TO ANNA HEMMINGS and the staff at RSPCA Lockwood, and to Helen Brodie, Yvonne Phennah and other members of the British Mule Society.
My thanks to Annis Sokol for her helpful advice in advance of the journey.
To those who offered hospitality and pasture to Jethro and to us as we made our way across country, including my sister Katie Tait and her husband Alex, Catherine Ducker, Charles Hunter and Jocasta Shakespeare, Catherine Bell, Harry and Susan Wilmot, Jeff and Fiona Ford, Peter and Joanne Bland, Jason Gathorne-Hardy, Melanie Fisher, Hugo Hildyard and Florencia Clifford, John and Jude Haslam, Elizabeth Kirk and Margaret Barton. To Graham Rogers for our discussions about Swaledale.
My particular thanks to Jasper Winn for his kindness and generosity in joining me on the journey. For of course, it’s not really One Man and a Mule, as the keen-eyed reader will have spotted; Jasper was with me for much of the time, although not for the entire trip across country. The full title should have been One Man and a Mule and a Friend Some of the Time and a Dodge Van. But for some reason, the publishers objected.
Jason Gathorne-Hardy did buy the horse van, although part of the purchase price was made up of paintings, so I ended up with some fine bird drawings of his – bringing the nature of our original meeting to a satisfying full circle. He painted the Dodge in royal red and green racing colours before driving it around Westmorland to paint from, often in the rain.
The RSPCA were delighted to see the new slimline Jethro back in such fine fettle after our journey across England. The publicity he received from his ‘Jethro the Mule’ Facebook page was enough to find him a more permanent home.
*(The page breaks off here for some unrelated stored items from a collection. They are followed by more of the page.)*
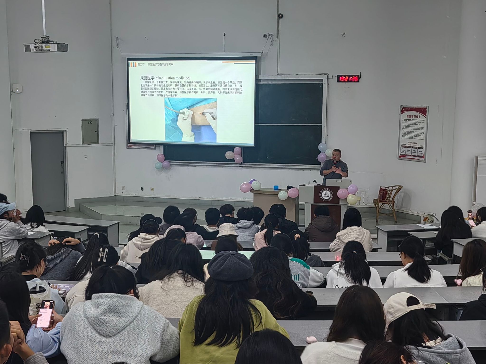 廖鹏从康复行业现状、岗位需求与核心能力三方面展开讲解,结合当前就业数据,分析了当前就业趋势,具体介绍了医院、社区、专科机构等不同方向的岗位要求。他提出“专业基础+实践能力+方向定位”的成长策略,指导学生根据自身特点制定阶段性目标与长远规划。互动环节中,同学们围绕证书考取、实习安排、跨领域发展等问题踊跃提问,廖鹏逐一给予细致解答。整场讲座内容实用、氛围活跃,有效帮助学生厘清职业困惑,增强专业信心。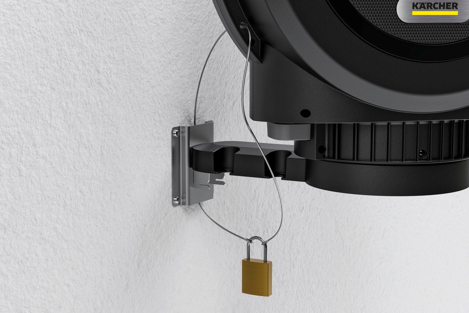 Il montaggio avviene a parete in modo salvaspazio. Grazie al supporto a parete orientabile, l'avvolgitubo può essere regolato in modo flessibile, così da raggiungere diverse aree del giardino. Durante lo srotolamento, il tubo si blocca automaticamente a brevi intervalli, consentendo di utilizzare comodamente la lunghezza desiderata.
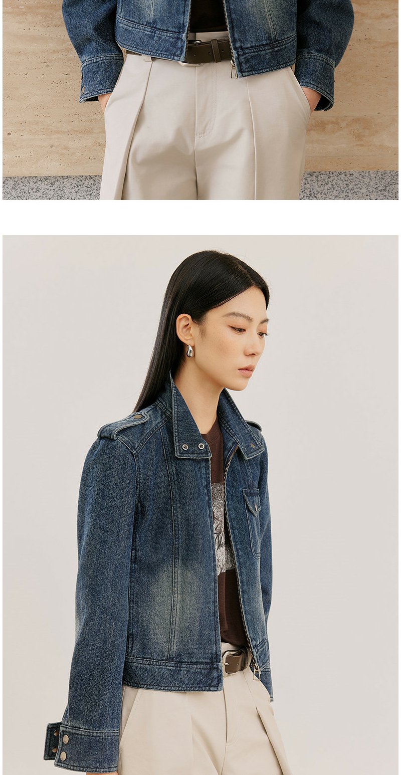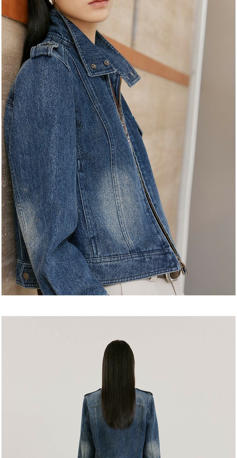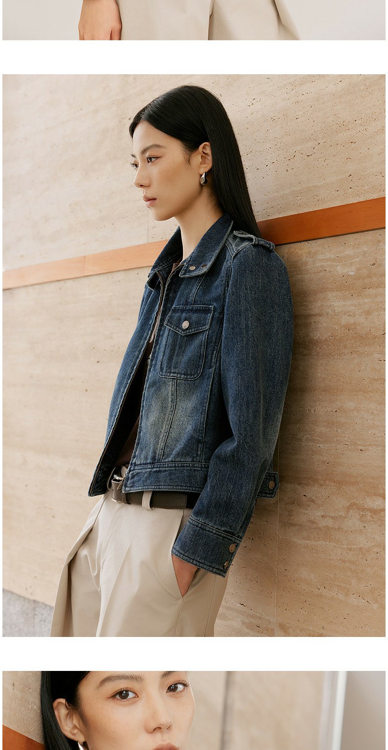 NEELLY纳俪商场同款春新款时尚休闲正肩牛仔外套女直筒利落短上衣N26021C01060

He has been adopted by Greta, who works at a vets’ practice, so he is by definition well cared for. He shares an ‘en-suite paddock’ with a couple of geldings and has attracted interest from the vicar for the local Nativity play; it seems there is considerable debate in biblical circles as to whether Mary arrived at the stables on a donkey or a mule, depending on how you translate the Hebrew. Whether Jethro will be well behaved on stage is yet to be seen. Greta and her husband Nick describe him as being ‘very opinionated’ and ‘impossible to catch’, so not much has changed there.
I’ve been able to visit Jethro while writing this book. He always looks at me in the way the English do on such occasions – with a friendly if slightly quizzical expression that leaves the changes in both our circumstances unspoken. And he is too tactful to mention that his Facebook page still attracts more interest than mine; although he prefers to keep his current location a secret, in order to keep paparazzi away.
I am grateful to my agent Georgina Capel, the editorial team of Trevor Dolby and Lizzy Gaisford at Preface, and all those at Penguin Random House who helped with the production of the book; to Rachael Beale for her considerable editorial help in preparing the manuscript, to John Gilkes for the fine map and to Bryan Ledgard for his portraits at the Whitby Goth Festival.
And special thanks as ever to Irena and all my very supportive family.